To study the growth–climate relationship, correlation and response function analysis and the analysis of pointer years were employed. Average monthly air temperature (T), monthly rainfall (P), and monthly insolation (IN) from June of the year preceding growth (pVI) to September of the growing year (IX) were used for correlation and response function analysis.

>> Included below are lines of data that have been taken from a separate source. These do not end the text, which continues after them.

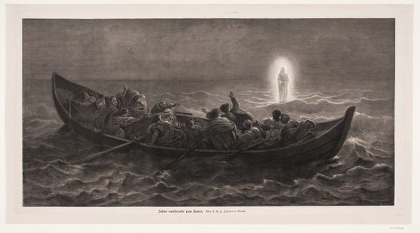 Curator: Here we have Edward Moran's "Untitled (Launching a Dory/To the Rescue/Shipwreck)," an engraving dating to 1895. The multiple titles suggest the thematic ambiguity of the work itself. Editor: It evokes a very particular feeling, doesn't it? Somber, melancholic…almost cinematic in its depiction of collective struggle against a threatening, imposing natural force. Curator: Observe the interplay of light and shadow—the moon struggling against the oppressive clouds. Note how this directs our gaze through the composition. The light falls across the faces of the men. Do you think Moran employs chiaroscuro here, typical of romanticism, to highlight their expressions of grim determination? Editor: Yes, the human endeavor against the backdrop of a dangerous sea does have those overtones of Romanticism and also something very visceral regarding gendered labor and collective identities. Consider these working-class figures engaged in their physically demanding labor under treacherous conditions, emphasizing their interdependence. I see solidarity but also the inherent dangers faced by maritime communities of this era. Curator: Agreed. The etching method allows for a remarkable level of detail, capturing the textures of clothing, the grit of the beach, the stormy quality of the sea. And it makes evident their coordinated movements to launch the dory—note the rhythmic composition with each person carefully rendered and interconnected through lines and implied perspective. Editor: Considering the time this was made, it also encourages consideration of class dynamics inherent to such endeavors. Are they driven by a sense of responsibility for one another, or merely because their survival depended on such labor? One wonders, what are the support structures for the families who lose these members on the sea? I see resilience here but with underlying vulnerability, perhaps even a subtle criticism. Curator: Very perceptive, your focus on social implications. I was moved by the contrast in values between the ethereal moon and weighty physicality of the men laboring under its wan light. I also want to notice the balance— between the overall gloomy dark tonalities against strategically illuminated figures. It certainly makes this image dynamic, don't you agree? Editor: Undoubtedly, though beyond a study of tone, the engraving calls for consideration of the sociopolitical and intersectional dynamics represented. Who owns these boats? What safety measures are offered to the lower ranks risking their lives at sea? What were the safety protocols in 1895 and are there historical resonances relevant to current labor relations in fisheries around the globe? Curator: These points make for a very nuanced and timely reading. A close visual examination reveals how effective art becomes a conduit to further questioning.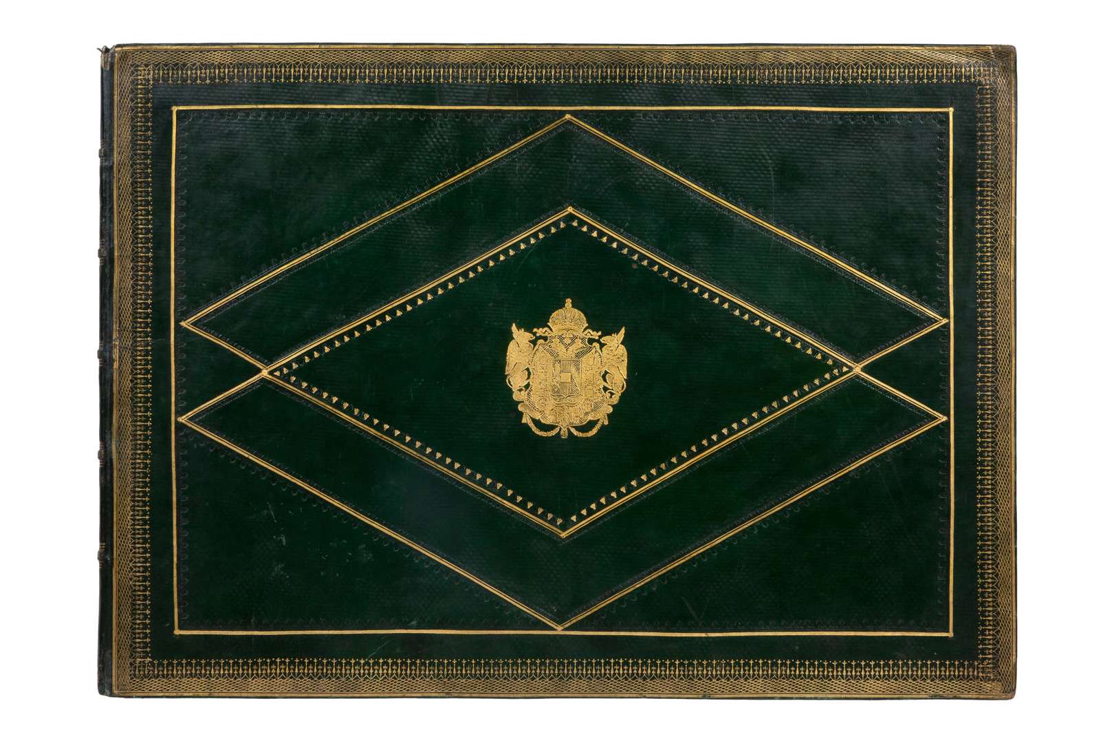 Illustratione dell’Arco della Pace in Milano. […] Dedicato a Sua Eccellenza il Sig. Conte Francesco di Hartig, Governatore della Lombardia. Milano, Architetto Ingegnere Voghera, 1838. Grand in-folio oblong. Maroquin vert impérial de l’époque, large guirlande dorée encadré d’un filet doré et d’une roulette dorés de même, motif géométrique à double losange doré souligné de roulettes à froid et d’une roulette dorée le tout encadré d’un filet doré, grandes armes dorées de Ferdinand Ier au centre, dentelle dorée aux contreplats. Titre entièrement gravé, (1) p. de dédicace, 4 pp. de texte et 28 planches lithographiées en noir. Première édition de cet album, dans un beau maroquin italien aux armes de Ferdinand Ier, Empereur d’Autriche, Roi de Lombardie Vénétie. Ferdinand Ier (1793-1875) est couronné empereur d’Autriche l’année de l'inauguration de l'Arco della Pace et de la publication de l’ouvrage, en 1838. Magnifique ouvrage décrivant l’édifice à Milan, Ce grand arc néo-classique, en bois à l’origine, fut édifié par l’architecte italien Luigi Cagnola pour honorer Eugène de Beauharnais en 1807 : Napoléon venait de l’investir prince de Venise, le déclarer son fils adoptif et héritier présomptif de la couronne d’Italie, alors même que naissait son premier enfant avec Augusta-Amélie de Bavière. Inachevée à la chute de l’Empire, sa construction reprend sous François I d’Autriche qui dédie l’arc à la Paix des grandes puissances européennes en 1815. L’ouvrage sera achevé en 1838, terminé par les architectes Francesco Londonio et Francesco Peverelli en 1833. Très belles vues dont une perspective en clair-obscur, des coupes transversales et bas-reliefs, des détails architecturaux et sculpturaux… Légers frottements au dos et coins, coiffe supérieure accidentée, marque de pliure aux planches, très légères rousseurs, une charnière fendue sur 1cm mais bon exemplaire.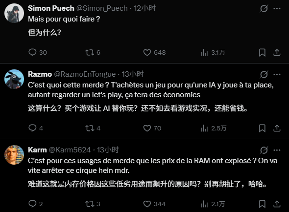 但,觉得没意义的人也挺多的,我打工买了游戏还要给AI打,那不成给AI打工的了吗?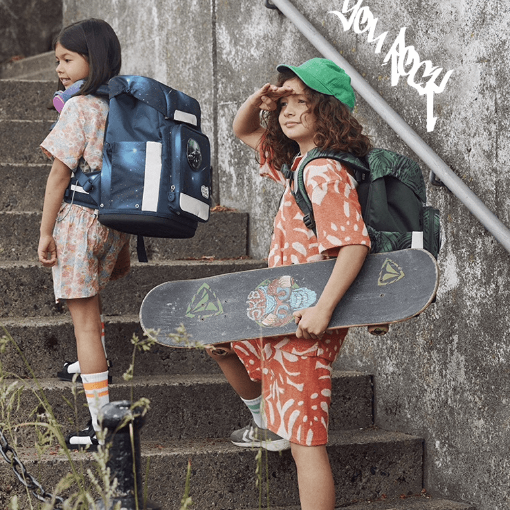 Das Rucksackmodell Rebel kombiniert die Coolness eines Softbags mit den ergonomischen Trageeigenschaften einer bis ins kleinste Detail durchdachten Schultasche. Leicht, geräumig und standfest dank fester Bodenplatte bietet der Rebel Platz für alle Schulutensilien. Damit Hefte und andere Arbeitsmaterialien vor Eselsohren sicher sind, ist in diesem Set zusätzlich eine Heftbox enthalten.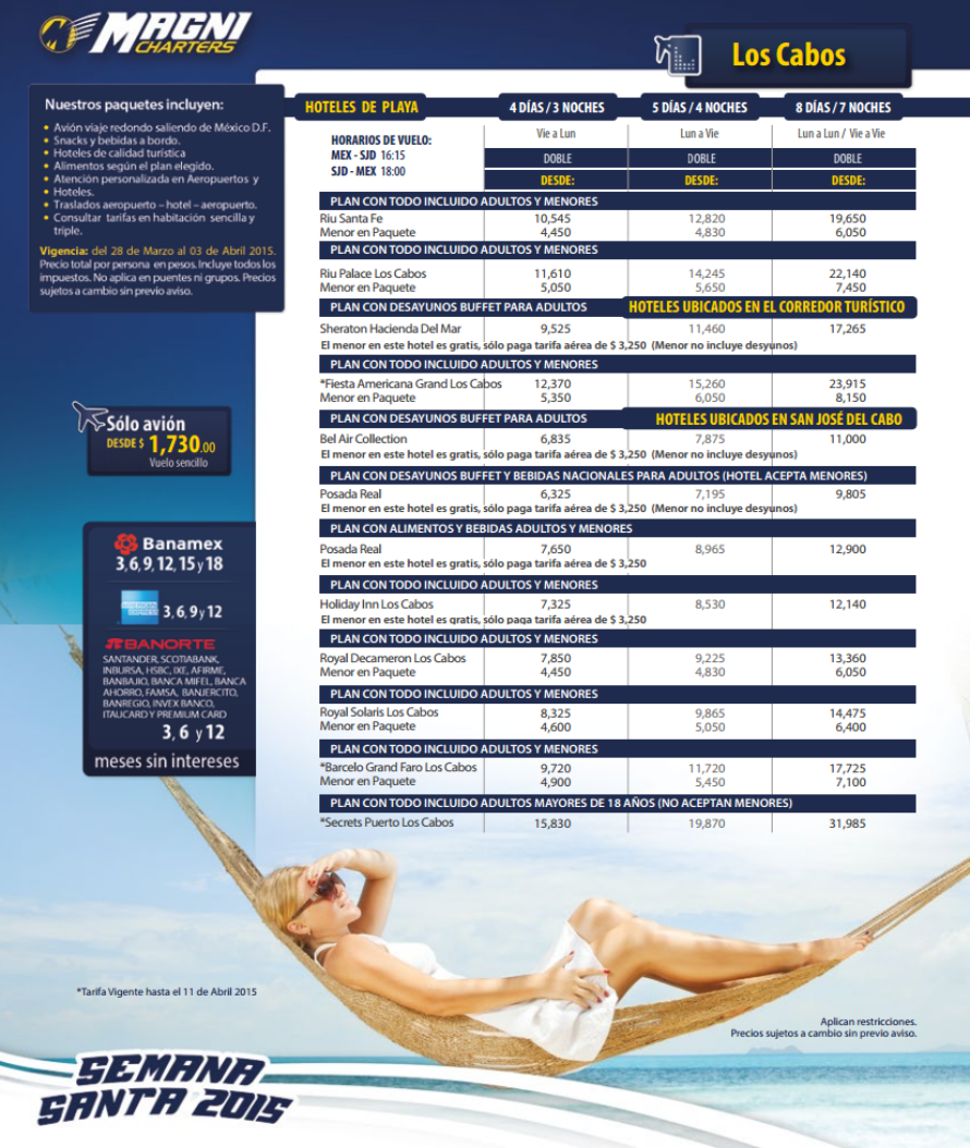 | Magnicharters -2015 -20131999-1697 8590-7561 5601-1493 Las tarifas publicadas son por persona (no aplica puentes,dias festivos ULTIMA SALIDA DE TARIFA MENOR GRATIS NOV 28 |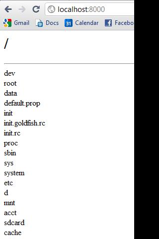 Сервер обмена веб -файлами для Android. Униженная версия WebShare. Вы можете перечислить каталоги и загружать файлы, хранящиеся на вашем телефоне по Интернету, в WiFi или через такую услугу, как Dyndns для вашего мобильного оператора IP.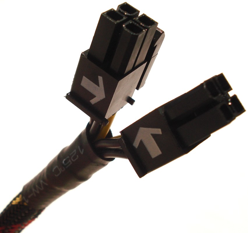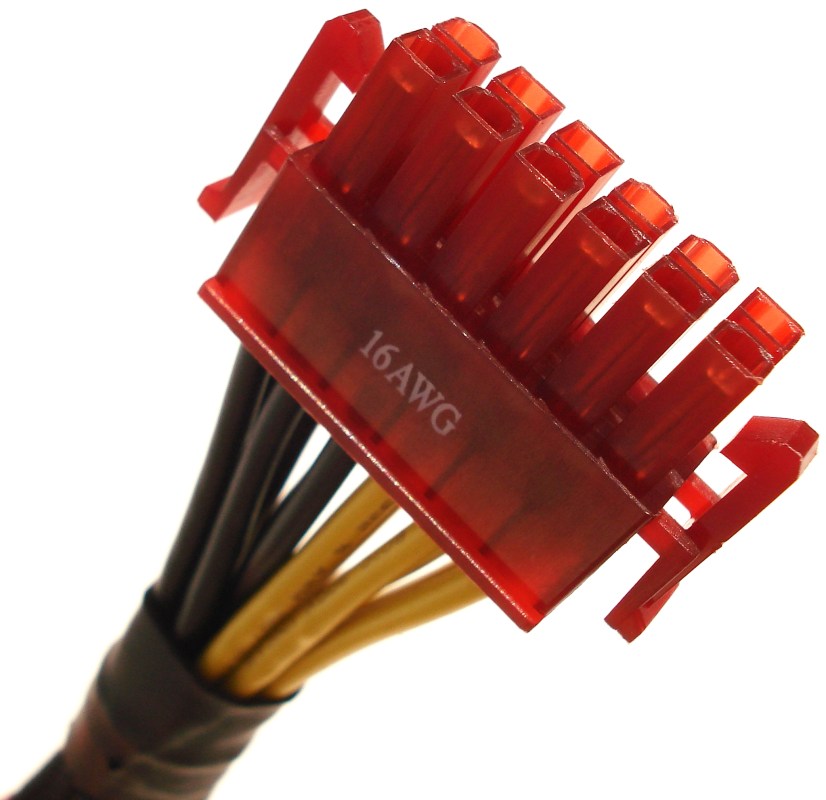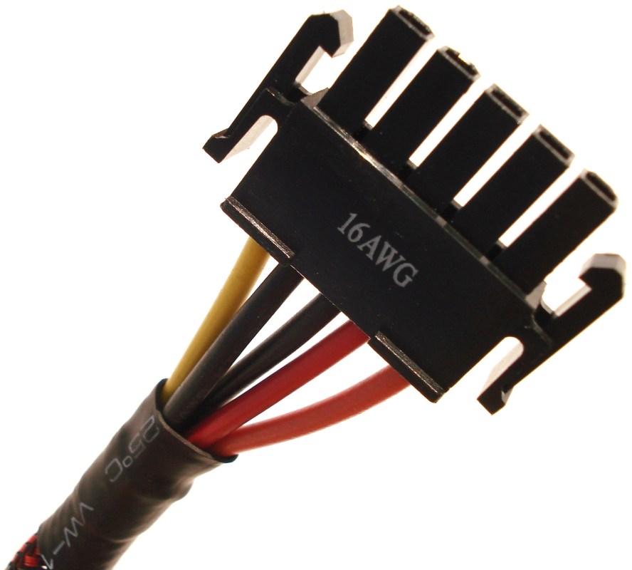 Se emplea el color rojo para identificar fácilmente los molex correspondientes PCIe y el negro para el resto. Los molex de 4 pines están diseñados para fácilmente poder ser desconectados, presionando en ellos con los 2 dedos de la mano.

The analysis was performed separately for temperature, precipitation, and insolation, obtaining r2 values (regression coefficients of determination) for each climate parameter [34,39,40]. The analysis of pointer years was carried out using the TCS program [41], calculating the interval trend: positive years (+), characterized by an increase in the width of the rings (t = 1) compared to the previous year (t − 1), and negative years (-), with a decrease in the width of the rings (t = 1) compared to the previous year (t − 1) [32,42]. A given year was considered a pointer year (positive or negative) if the interval trend exceeded the critical threshold—90% for a minimum of 10 trees.

3. Results

3.1. Tree Features

The P. sylvestris and the C. lawsoniana species grow in clusters, and the remaining species are scattered over larger areas, together with other species. The T. plicata and the P. menziesii trees reach the tallest heights (34 m). The L. decidua and the P. strobus species display slightly lower heights (31 and 30 m, respectively). The lowest heights were reached by the P. sylvestris (23.5 m) and the C. lawsoniana (22 m) trees. The P. menziesii trees are distinguished by the highest average trunk diameter (66 cm, ranging from 44 to 99 cm). The lowest trunk diameter was observed for C. lawsoniana: on average, 36 cm, ranging from 27 to 51 cm (Table 1). According to Kraft’s classification, assessing the structure of the crown and the biological position of the plant in the population [43], P. sylvestris trees belong to the main, dominant stand, class 1. The dominant trees of C. lawsoniana belong to class 2, and the co-dominant trees of L. decidua, T. plicata, and P. menziesii belong to class 3. P. strobus belongs to a subordinate stand, class 4.
The majority of trees display good health, and the natural branch snag is noticeable. The T. plicata trees are the most healthy, as no trunk damage or cavities were observed. In the case of the C. lawsoniana and the P. sylvestris, we observed no mechanical damage or wood decay, only strong reductions in tree ring width, especially conspicuous in recent years. The P. menziesii trees appear entirely healthy, but in five cases, we recorded the occurrence of wood rot at the coring spot. The poorest health was displayed by one native species, L. decidua, and one introduced species, P. strobus. The L. decidua trees had weak crowns, and four trees had rotten trunks. In the case of P. strobus, we noted two withered trees and a further three trees had largely rotten trunks. Leaving dead trees and stumps in the forest is very important for the biodiversity of forest plant communities, contributing to the sustainable development of forest cultivation [17]. During the research, young plants of T. plicata and C. lawsoniana were observed, which indicates their ability to penetrate the surroundings and regenerate naturally. Currently, the seedlings do not pose a threat to the native flora because in unfenced areas, the plants are eagerly browsed by forest animals, and the relatively small number of trees does not exert pressure on the surrounding tree stands.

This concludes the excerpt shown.